Task requirements:
Extract only the lines running from the top of the entries to the line that holds "Папка с 60 вкладышами". Include that line and omit the pictures.

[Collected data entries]
=== Section Start ===

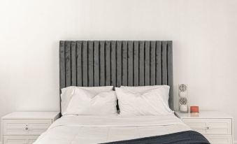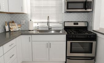 This modern apartment comes with a full kitchen, including quartz countertops throughout.
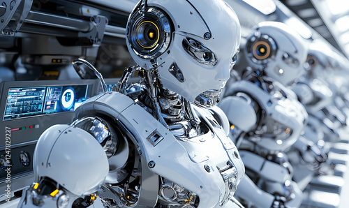 Fototapeta premium Robotic Assembly Line with a Control Dashboard, Representing Innovation in...
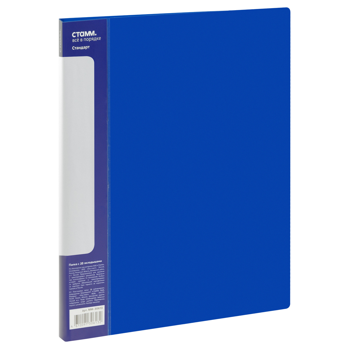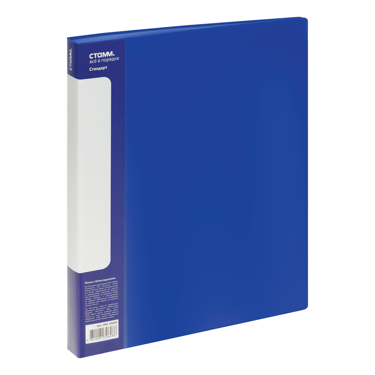 Папка с 60 вкладышами СТАММ "Стандарт" А4, 21мм, 700мкм, пластик, синяя
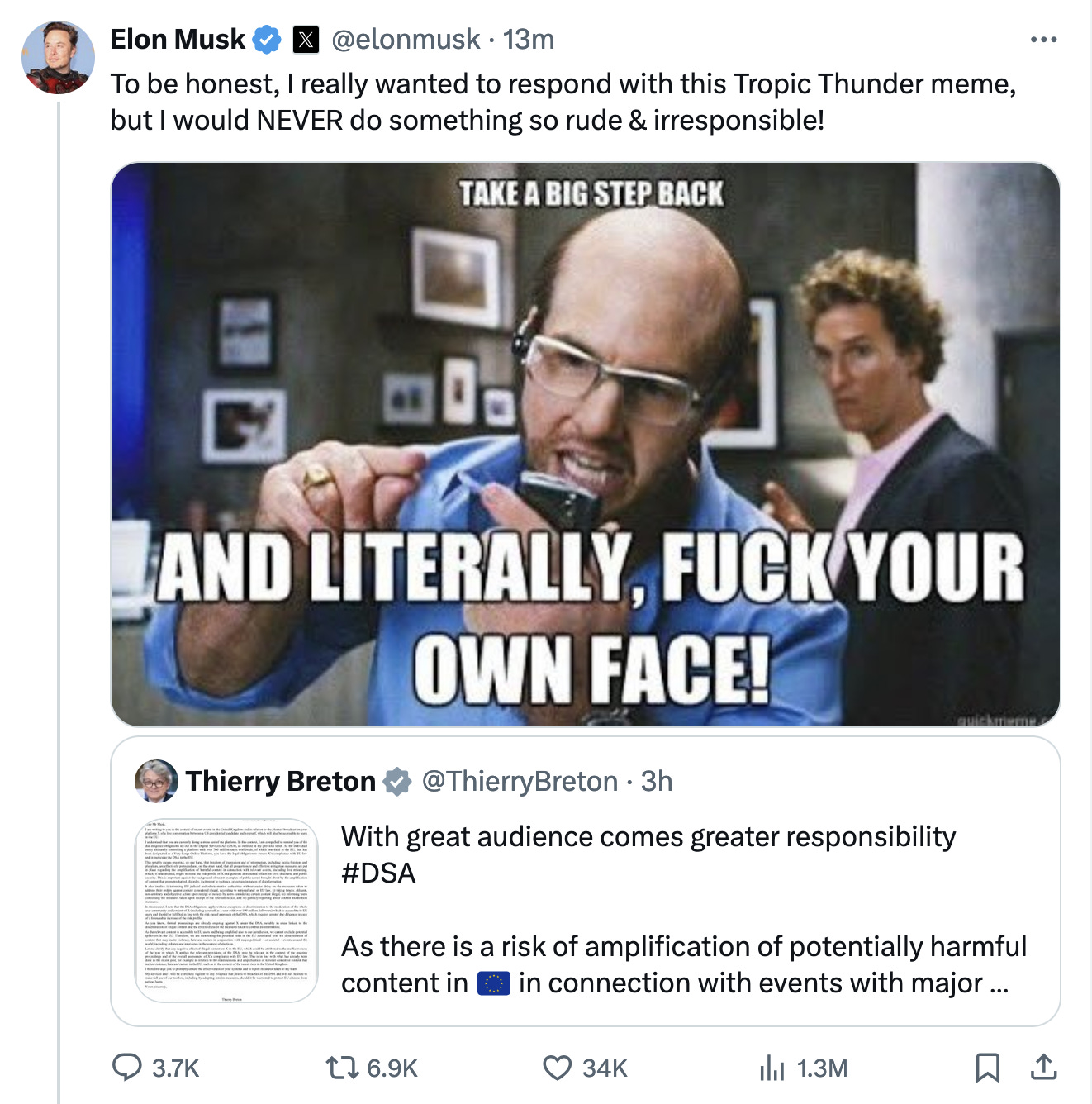 In a surprise move, an EU Commissioner sent a letter to Musk threatening him with legal action if he doesn’t prevent Trump from spreading “disinformation”. As always, I say that it is not government’s job to determine what is truth and fiction since they have a vested interest in those decisions.
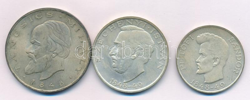 1948. 5Ft Ag "Petőfi" + 10Ft Ag "Széchenyi" + 20Ft Ag "Táncsics" "Szabadságharc sor" T:AU,XF patina
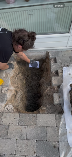 To huller a ca. 15cm, men "smuldrede", skal mures op nede fra krybekælder. Krybekælde...
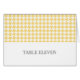 Tarjeta Houndstoth Table Number Card sencilla pero elegante con fondo de gafas amarillo y blanco. Fácil de personalizar con los detalles de su boda. Para obtener más opciones de personalización, haga clic en el botón Personalizar.
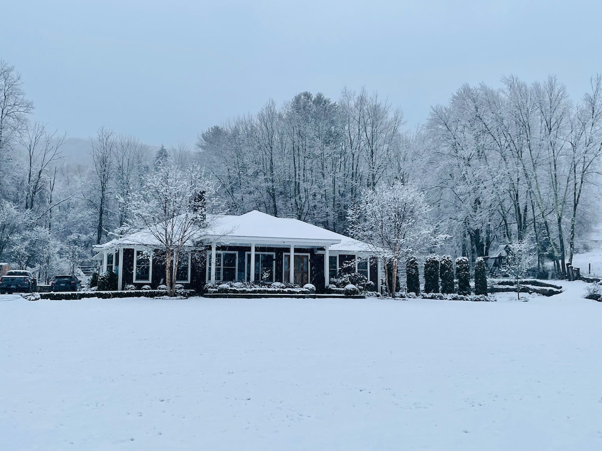 Diese Designer-Hütte verbindet natürliche Materialien und moderne Oberflächen. — anspruchsvoll und gemütlich. Blicke auf den atemberaubenden, quellgespeisten Teich (oder schwimme darin!) – nur wenige Schritte vom Haus entfernt. Entspanne dich auf der Terrasse oder genieße Kaffee im Sonnenzimmer. Die Innenräume verfügen über drei Schlafzimmer, zwei Badezimmer, ein Wohnzimmer mit schicken und gemütlichen Möbeln und einem Holzkamin sowie eine voll ausgestattete Küche, in der das Kochen zum Vergnügen wird. Unterhalte deine Familie und Freunde am Tisch für 10 Personen und gehe dann mit einem Getränk in der Hand weiter auf das Grundstück.
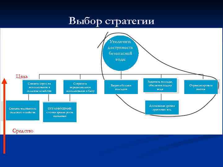 Выбор стратегии Увеличить доступность безопасной воды Цель Снизить спрос на использование в сельском хозяйстве Снизить водоёмкость сельского хозяйства Средство Сократить нерациональное использование в быту ОГРАНИЧЕНИЕ с точки зрения роста населения Вырыть больше колодцев Защитить колодцы, обеспечив подачу воды Достижение уровня грунтовых вод Отремонтировать насосы
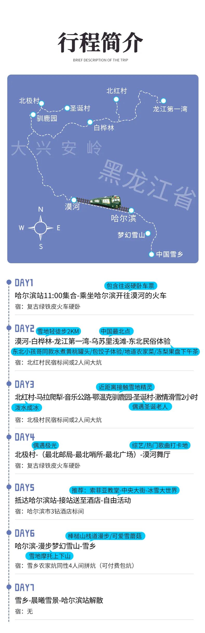 2、用餐:包含4顿早餐(D6早餐打包),火车上用餐请自行准备食物3、用车:D1-D4(漠河段):5座SUV,2-4客人一车(小团副驾驶及前后座位置需要轮流乘坐,望悉知)D5:哈尔滨火车站接站送您至酒店办理入住(一般为下午两点以后入住,如过早抵达可寄存行李),随后自由活动无用车服务D6-D7(雪乡段):2-3客人用5座SUV,4-5客人用7座商务车,6客人用9座商务车,7-8客人用15座商务车(小团副驾驶及前后座位置需要轮流乘坐,望悉知)4、门票:雪乡门票+往返环保车、梦幻雪山门票、龙江第一湾门票、圣诞村门票、漠河2小时滑雪(包含雪鞋雪板雪杖)、北极村门票、鄂温克驯鹿园;5、领队:司机兼管家,帮助大家购买门票,给团友游玩建议,无法全程陪同进入景区和提供专业讲解等服务,敬请谅解;6、火车:哈尔滨-漠河往返火车硬卧(铺位随机,一起报名的小伙伴尽量安排同一节车厢,但冬季票务紧张无法保证,建议提前15天以上预定,15天以内报名请现询是否有票)
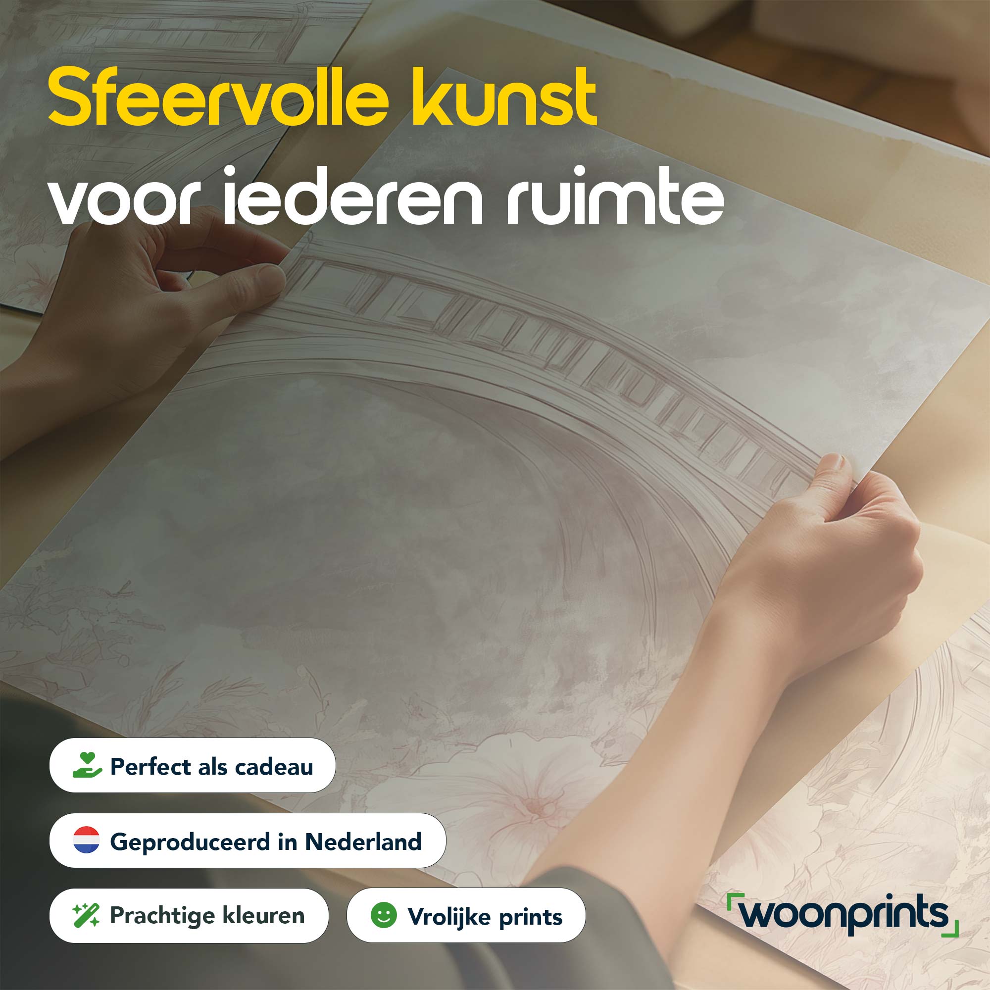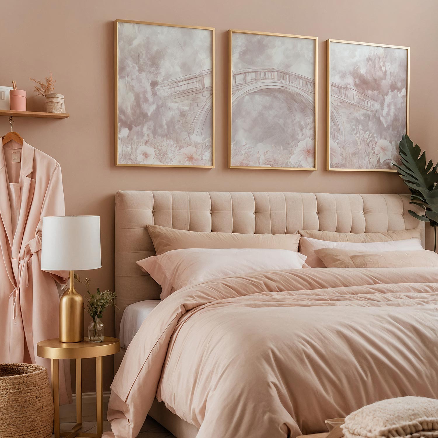 Pastelbruggen omringd door bloemen – Dromerige wanddecoratie
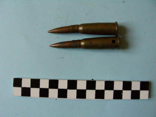 Di forma cilindrica, con fondello e restringimento all'apice del bossolo e proiettile conico.

=== Section End ===

Answer to this exercise:
 This modern apartment comes with a full kitchen, including quartz countertops throughout.
 Fototapeta premium Robotic Assembly Line with a Control Dashboard, Representing Innovation in...
 Папка с 60 вкладышами СТАММ "Стандарт" А4, 21мм, 700мкм, пластик, синяя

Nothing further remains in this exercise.